Book The Origin of Concepts

    Book Details:
  • Author : Susan Carey
  • Publisher : Oxford Series in Cognitive Dev
  • Release : 2011
  • ISBN : 0199838801
  • Pages : 609 pages

Download or read book The Origin of Concepts written by Susan Carey and published by Oxford Series in Cognitive Dev. This book was released on 2011 with total page 609 pages. Available in PDF, EPUB and Kindle. Book excerpt: Carey begins by characterizing the innate starting point for conceptual development, namely systems of core cognition. Representations of core cognition are the output of dedicated input analyzers, as with perceptual representations, but these core representations differ from perceptual representations in having more abstract contents and richer functional roles. Carey argues that the key to understanding cognitive development lies in recognizing conceptual discontinuities in which new representational systems emerge that have more expressive power than core cognition and are also incommensurate with core cognition and other earlier representational systems.
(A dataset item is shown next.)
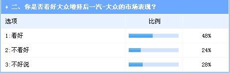 不過,也有參與者并不認為一汽-大眾的市場表現將因大眾汽車的增持而好轉,大眾汽車對中國消費者的傲慢態度已經根深蒂固,大眾方話語權的提升或將進一步制約其在華發展。而且,目前國內市場競爭激烈,車市留個大眾重新做產品布局的空間越來越小,大眾增持對一汽-大眾業績的好轉影響有限。持此觀點者占比24%。

Finally, Carey fleshes out Quinian bootstrapping, a learning mechanism that has been repeatedly sketched in the literature on the history and philosophy of science. She demonstrates that Quinian bootstrapping is a major mechanism in the construction of new representational resources over the course of children's cognitive development.

Book Social Psychology

    Book Details:
  • Author : Daniel W. Barrett
  • Publisher : SAGE Publications
  • Release : 2015-12-19
  • ISBN : 1506310591
  • Pages : 697 pages

Download or read book Social Psychology written by Daniel W. Barrett and published by SAGE Publications. This book was released on 2015-12-19 with total page 697 pages. Available in PDF, EPUB and Kindle. Book excerpt: Employing a lively and accessible writing style, author Daniel W. Barrett integrates up-to-date coverage of social psychology’s core theories, concepts, and research with a discussion of emerging developments in the field—including social neuroscience and the social psychology of happiness, religion, and sustainability. Social Psychology: Core Concepts and Emerging Trends presents engaging examples, Applying Social Psychology sections, and a wealth of pedagogical features to help readers cultivate a deep understanding of the causes of social behavior.